LS: You and I met when you were commissioning boots from Jay Griffith in Guthrie, Oklahoma. How did you find Jay?
MS: In the early days of going out on my own as a musician, I played a bar in Oklahoma and met a guy named Bobby Barnett. He was a country music singer who had a great eye for clothing and boots, and he gave me some Nudie suits and boots. We hung out after a show one night, and he told me there was a bootmaker in Guthrie I needed to meet. He introduced me to Jay, who was an absolute legend. He was like the Porter Wagoner of boot making, one of the original architects of the craft.
Jay complained about the boots I wanted him to make for me. He griped about the high, undershot heel I wanted and the “damn Nudie toe,” and there was always a long wait between ordering the boots and receiving the boots. But when the box arrived in the mail and I opened it, it was worth it!
LS: Of all the interesting pieces you own, is there one that’s your favorite? One that makes you happy just to see it or touch it? MS: Connie Smith! Of my stage wear collection, though, I would have to choose a Nudie suit and boots made for Hank Snow. The suit is black with embroidered guitars and roses, and he wore it with a pair of Nudie boots that are pink and white with inlaid butterflies. The work is absolute perfection, and it looks as good up close as it does from far away.
LS: Has anything in your collection ever inspired or informed your music?
MS: Without question. When I dress for a show — when I put on these clothes — I feel like Superman coming out of a phone booth. That makes me write and perform like Superman too. The old country stars understood this. The clothes represented not only individualism and a way to set yourself apart, but also achievement. Many of those stars started out very poor, and the clothing acknowledged not just what they’d achieved but also the trust the public placed in them and the responsibility to give them a good show.
LS: Was collecting stagewear always a dream of yours, or did collecting develop out of the necessity to preserve it?

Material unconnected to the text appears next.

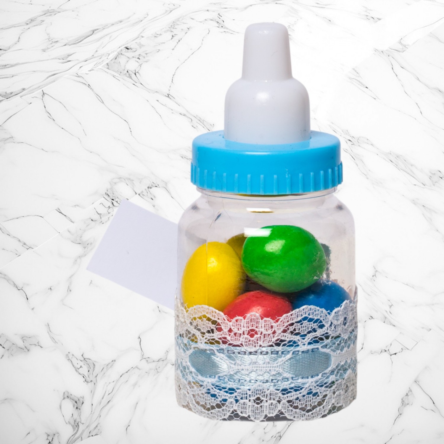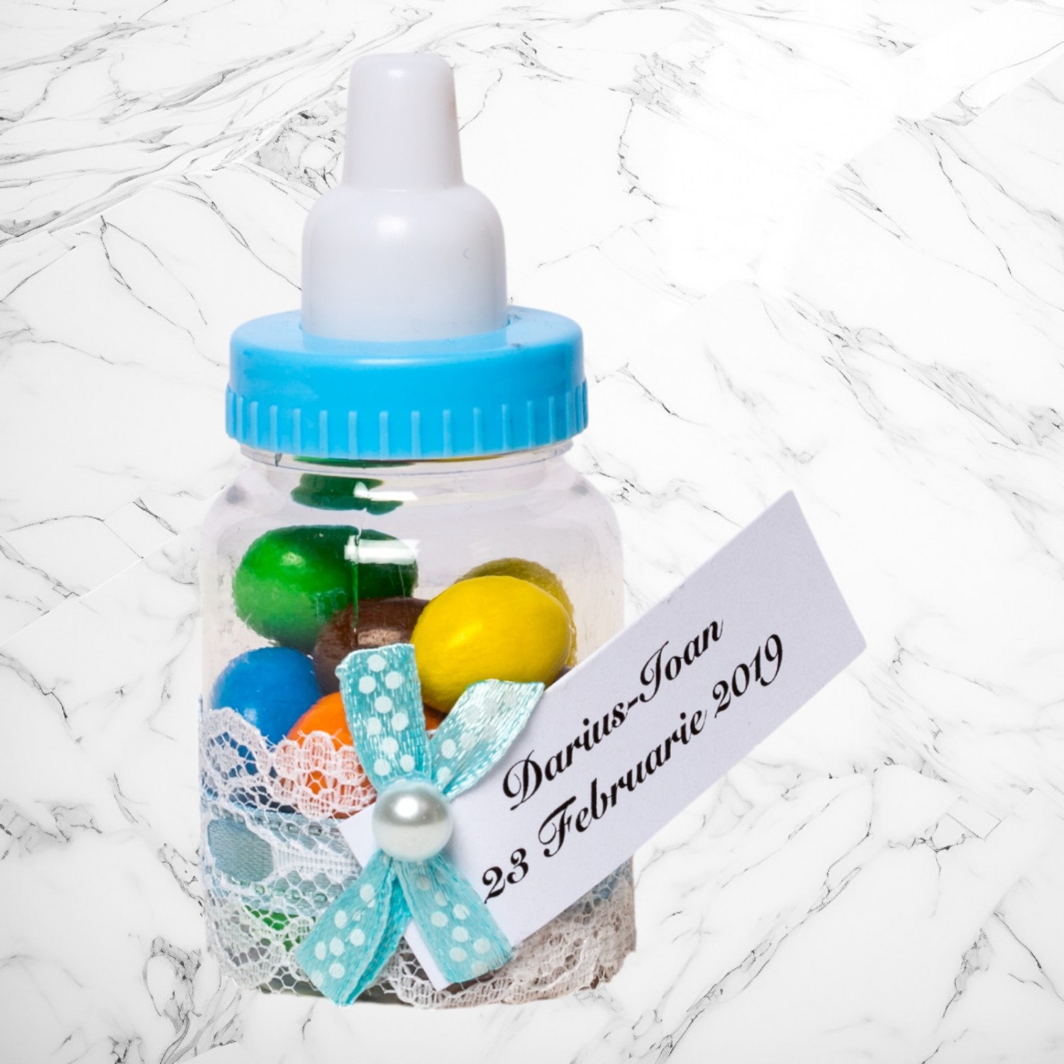 Marturii botez biberoane bleu dantela alba si fundita asortata cu buline
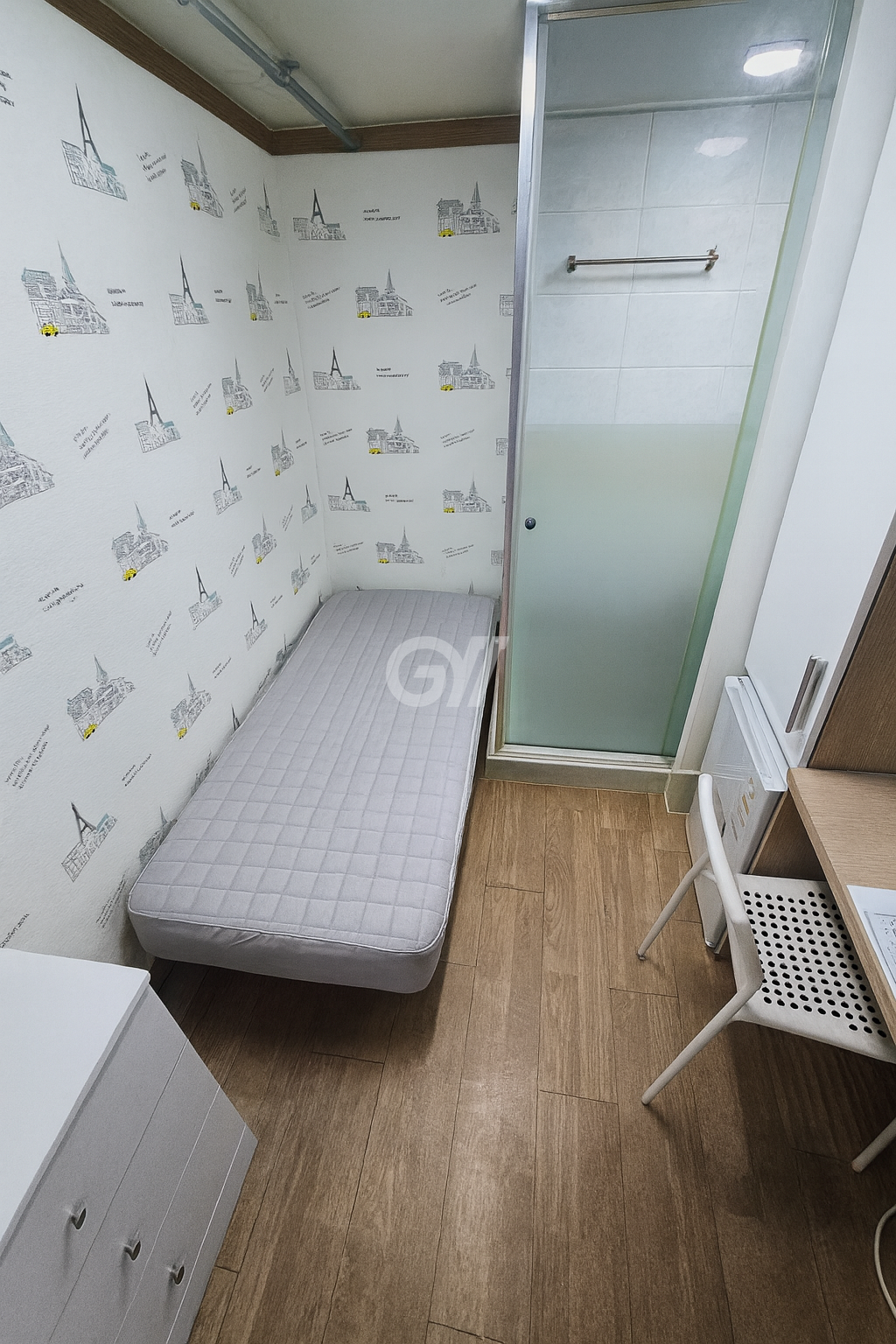 각 방에 샤워실과 화장실이 모두 없는 방 구조입니다. 공용샤워실과 공용화장실을 이용해야 합니다.

MS: Both, really. It started with the goal of preservation, but I began seriously collecting around the same time I was moving from being a band member to having my own band. This was also the time when song videos became a thing. I remembered watching TV with Dad, and I realized that wearing those suits might get a reaction. I didn’t want to do it exactly like the old stars — I wanted my own look — so I decided to wear my rhinestone jackets with blue jeans. It was all about visual appeal.
LS: Are there specific country music icons that inspired your taste and your looks?

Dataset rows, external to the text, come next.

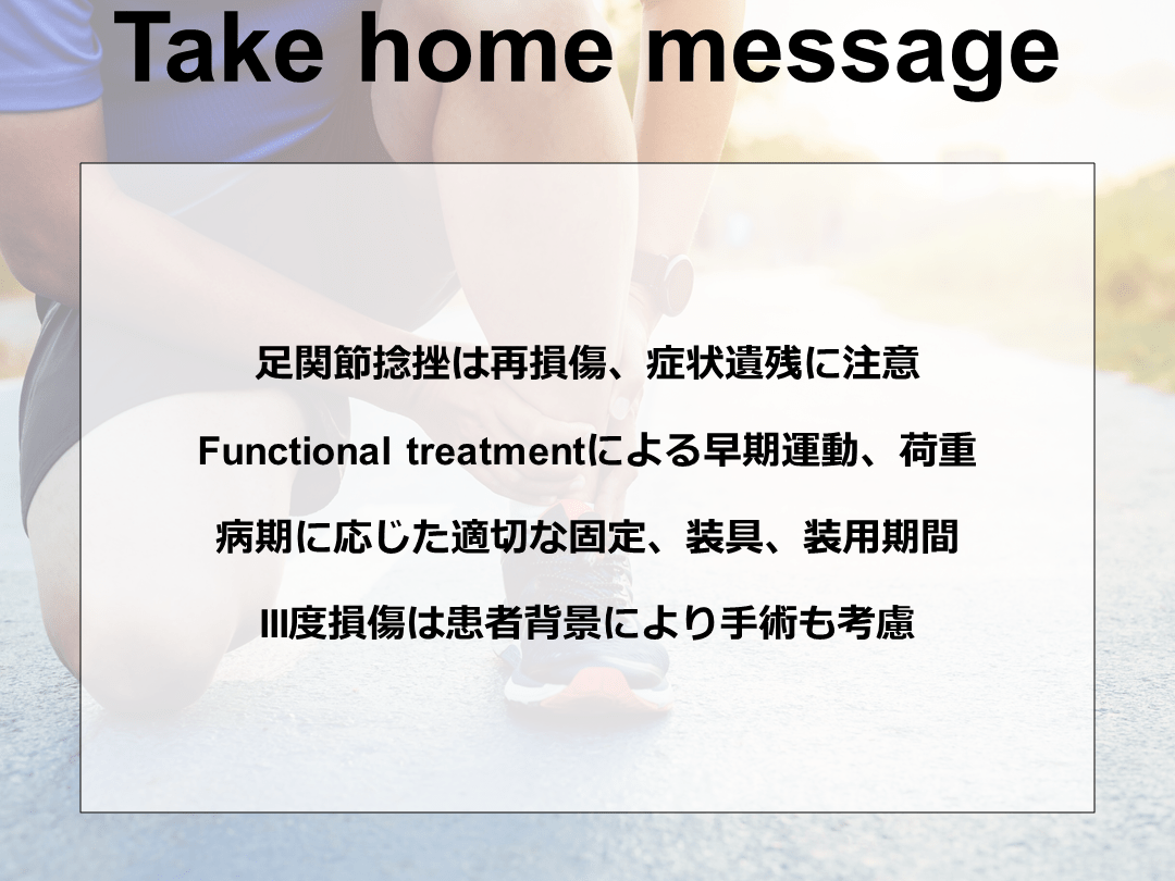 #21. Take home message 足関節捻挫は再損傷、症状遺残に注意
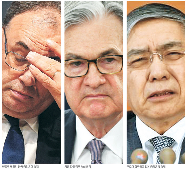 ◇모순 아니라는 일본 = 영국이나 미국과 달리 금융 완화 정책(단기 금리 -0.1% 동결)을 유지하고 있는 일본 중앙은행도 모순에서 자유롭지 않다. 특히 일본의 모순은 엔저를 막기 위해 시장에 개입하는 동시에 10년물 국채금리를 0.25%로 묶어두는 ‘수익률곡선제어’ 정책을 유지하는 데서 발생한다. 엔저를 막기 위해 달러를 팔고 엔을 사는 개입을 하면 통상 시중 엔화가 감소하며 엔화 표시 채권 금리가 오르는 흐름이 조장된다. 이는 일본 중앙은행이 국채를 대량 매입해 시장에 엔화를 풀고 초저금리를 유지하고 있는 것과는 반대 상황을 유도하는 행위로 볼 수 있다.
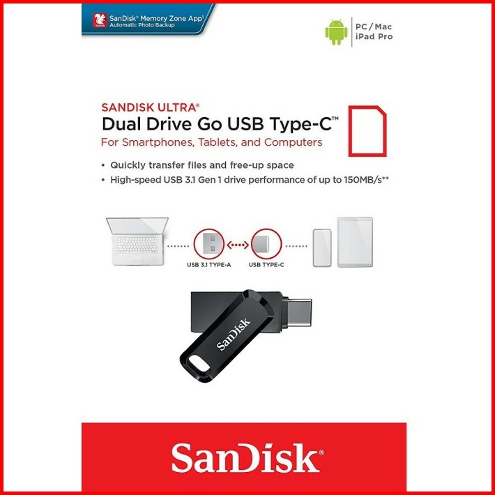 Flashdisk Sandisk Otg Type C 32gb 64gb 128gb Sandisk Dual Drive Sdddc3
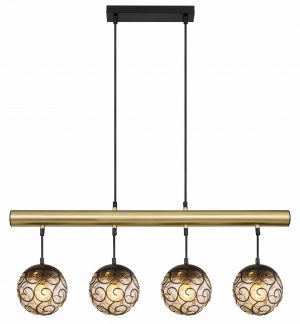 <pDiese wunderschöne Pendelleuchte der FITZ-Serie begeistert mit ihrem großartigen Design. Von einer rechteckigen Deckenmontage verlaufen zwei Kabel zu einem goldfarbenen Mittelbalken mit einer Länge von 90 cm, auf dem sich vier E27 LED-Anschlüsse befinden, jeweils mit einem wohlgeformten dekorativen Schirm. Mit den E27 LED-Anschlüssen können Sie die Lichtfarbe und Helligkeit selbst bestimmen, bis zu einer maximalen Leistung von 9 Watt. Aufgrund der langen Lebensdauer und Energieeinsparung empfehlen wir LED-Lampen.
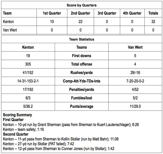The final touchdown of the game for Kenton came with 1:42 remaining in the second quarter when Sherman connected with Conner Jones on a 12-yard scoring strike. Stollar ran for the two-point conversion and the final score of 32-0.
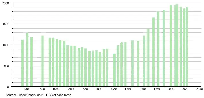 L'évolution du nombre d'habitants est connue à travers les recensements de la population effectués dans la commune depuis 1793. Pour les communes de moins de 10 000 habitants, une enquête de recensement portant sur toute la population est réalisée tous les cinq ans, les populations de référence des années intermédiaires étant quant à elles estimées par interpolation ou extrapolation[24]. Pour la commune, le premier recensement exhaustif entrant dans le cadre du nouveau dispositif a été réalisé en 2008[25].

MS: The Maddox Brothers and Rose were the best of the best. Their costumes were made by Nathan Turk, and they were drop-dead gorgeous. The set of the Marty Stuart Show featured a Rose Maddox outfit and many other items. It was a way of showcasing country music history and having those spirits and that vibe on stage.
LS: Is there anything about vintage country music fashion that you’d like to talk about or convey?

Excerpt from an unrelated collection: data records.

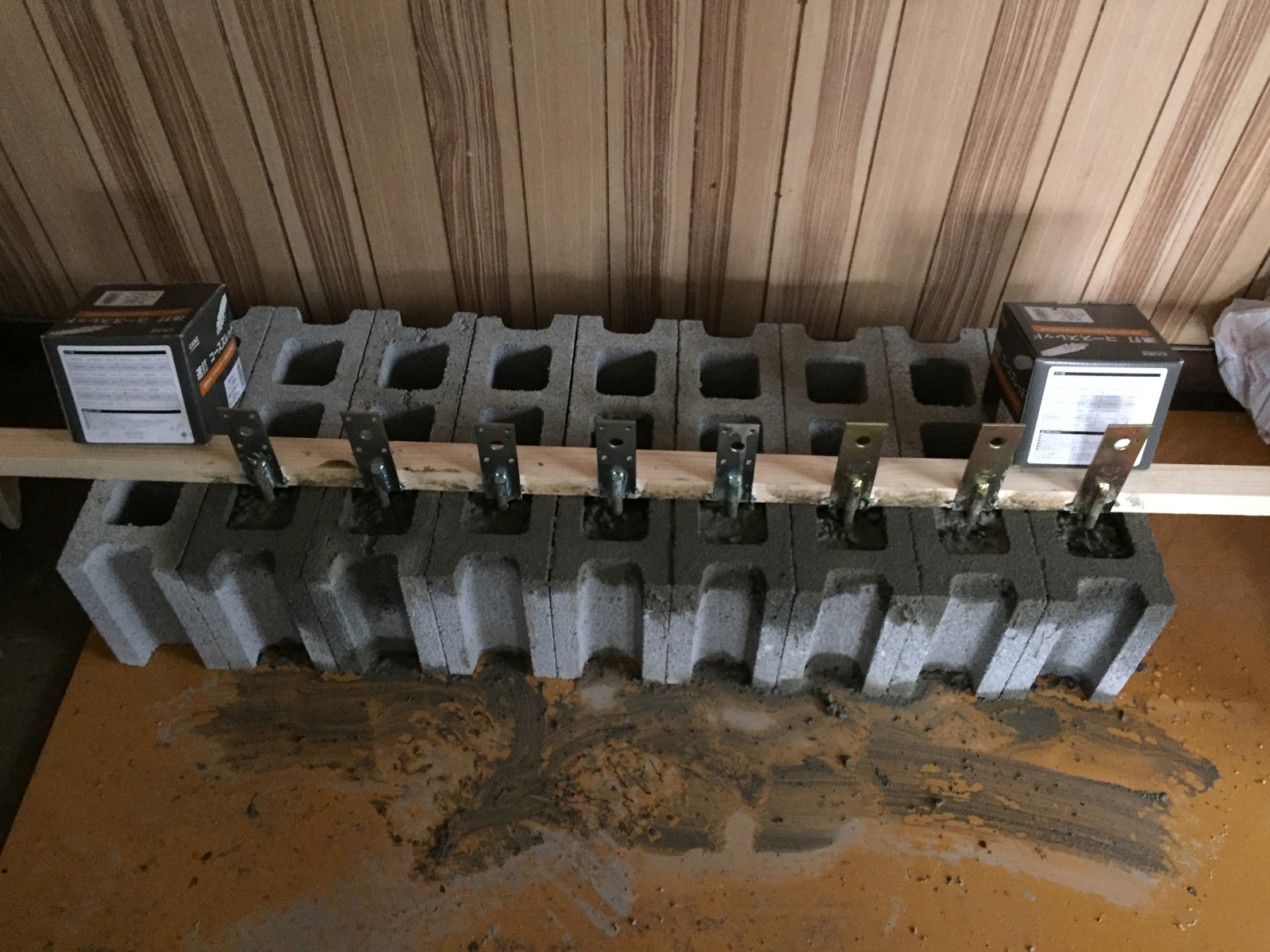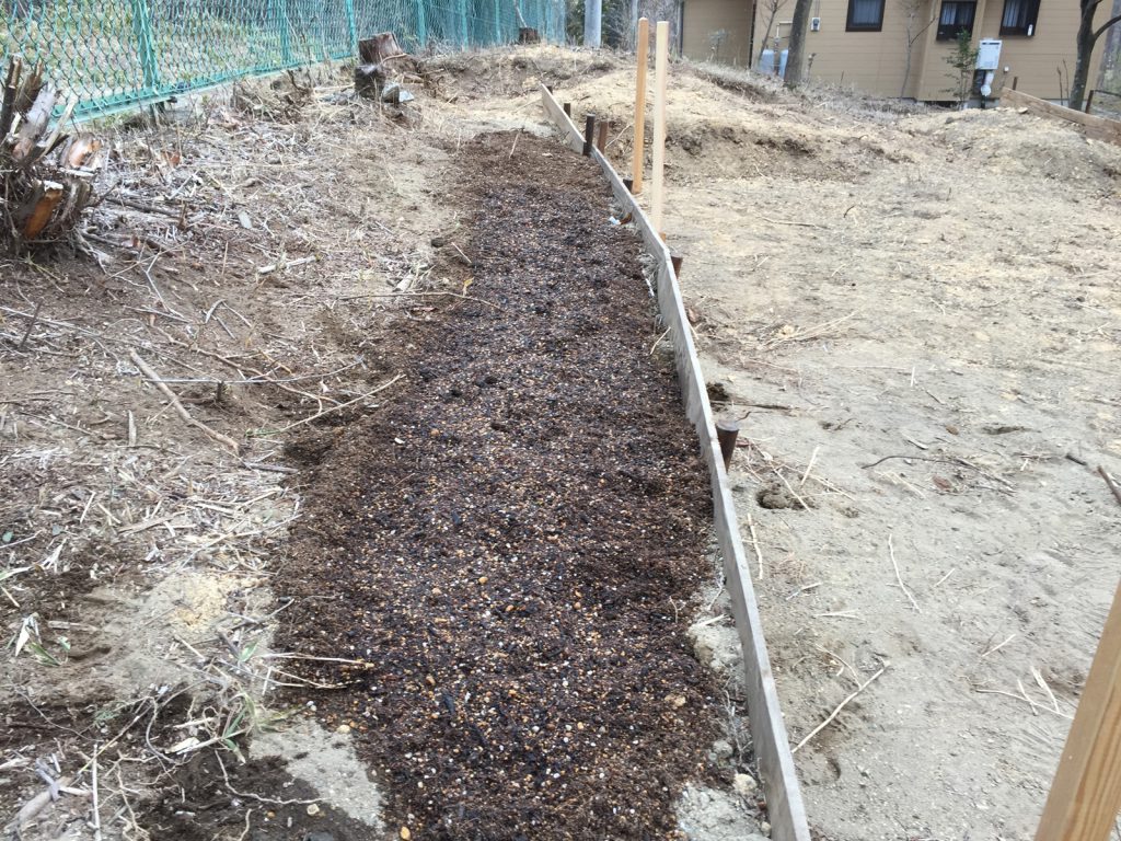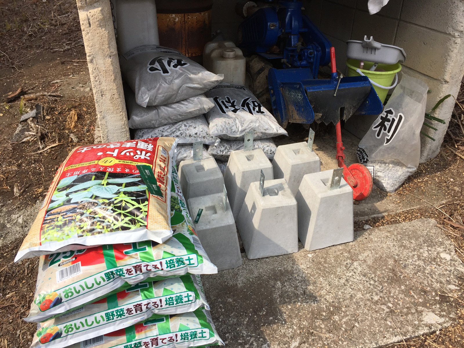 土台の基礎ブロックと砂利を、、<ん___足りないよね,,,>
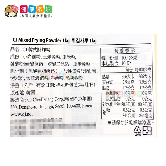健康本味 韓國CJ 韓式酥炸粉1公斤 [KR150352] 煎餅粉 韓式煎餅粉 韓式料理 炸粉 酥炸粉 炸蝦粉
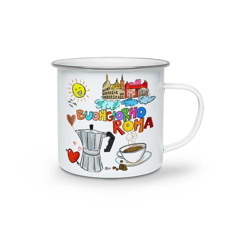 Tazza in alluminio leggera e resistente, decorata con il testo "Buongiorno Roma". Parte della Selezione Vertecchi, ideale per gli amanti della citt� eterna che desiderano un pezzo unico e funzionale per iniziare la giornata con stile. Perfetta per gustare bevande calde o fredde, con un design che celebra il fascino romano.

MS: Everybody needs to do it their way. If that’s a backward ball cap and ripped jeans and a flannel shirt, go for it. But after a while, you owe it to yourself to give classic country music stagewear a try.
LS: Final thoughts?
MS: Check out the upcoming “The World of Marty Stuart” exhibit opening on Saturday, May 7, 2022, at the Museum of Mississippi History. Also, be sure and follow and support the progress of my upcoming Congress of Country Music Museum in Philadelphia, Mississippi. It will be the home of the largest private collection of country music artifacts in the world, as well as a performance and educational space.